DATA SEGMENT
══════════

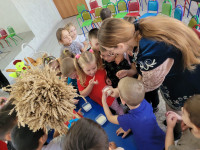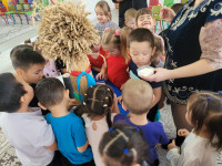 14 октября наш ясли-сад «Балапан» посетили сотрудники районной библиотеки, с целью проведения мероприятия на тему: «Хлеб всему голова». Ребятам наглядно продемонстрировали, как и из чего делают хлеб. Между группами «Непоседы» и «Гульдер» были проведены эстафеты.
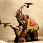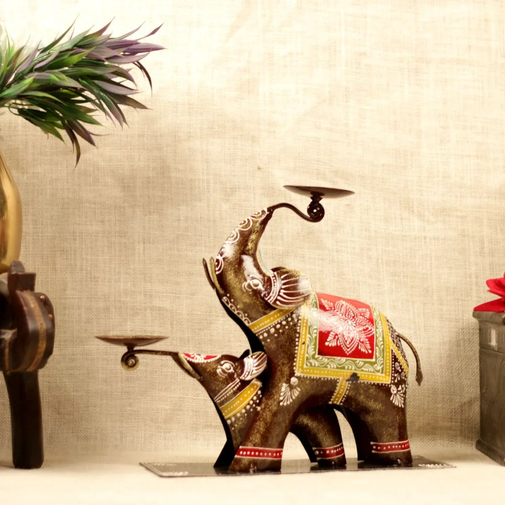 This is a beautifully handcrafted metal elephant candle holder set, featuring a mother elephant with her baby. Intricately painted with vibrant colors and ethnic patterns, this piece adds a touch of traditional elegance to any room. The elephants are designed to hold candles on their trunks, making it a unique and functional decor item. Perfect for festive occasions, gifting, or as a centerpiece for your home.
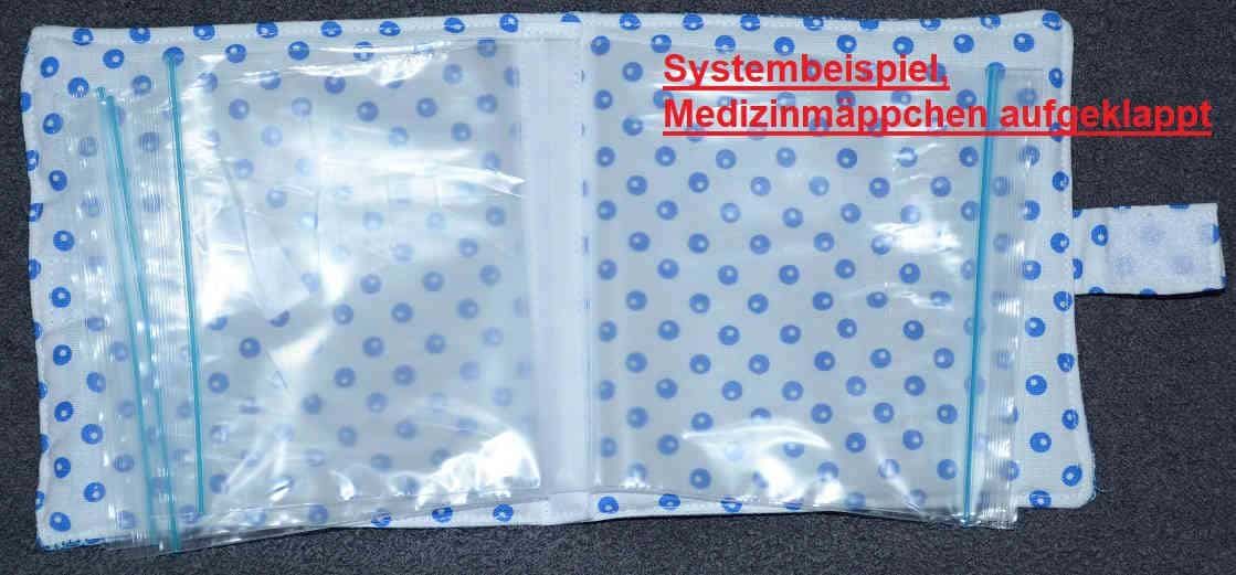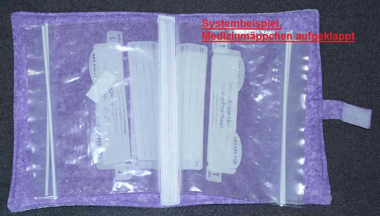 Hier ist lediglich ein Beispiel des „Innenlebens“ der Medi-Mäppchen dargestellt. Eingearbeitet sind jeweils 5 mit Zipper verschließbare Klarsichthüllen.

══════════

WORK ORDER
Write out the data word for word. Any picture is to be skipped.

RESULT OF THE TASK
 14 октября наш ясли-сад «Балапан» посетили сотрудники районной библиотеки, с целью проведения мероприятия на тему: «Хлеб всему голова». Ребятам наглядно продемонстрировали, как и из чего делают хлеб. Между группами «Непоседы» и «Гульдер» были проведены эстафеты.
 This is a beautifully handcrafted metal elephant candle holder set, featuring a mother elephant with her baby. Intricately painted with vibrant colors and ethnic patterns, this piece adds a touch of traditional elegance to any room. The elephants are designed to hold candles on their trunks, making it a unique and functional decor item. Perfect for festive occasions, gifting, or as a centerpiece for your home.
 Hier ist lediglich ein Beispiel des „Innenlebens“ der Medi-Mäppchen dargestellt. Eingearbeitet sind jeweils 5 mit Zipper verschließbare Klarsichthüllen.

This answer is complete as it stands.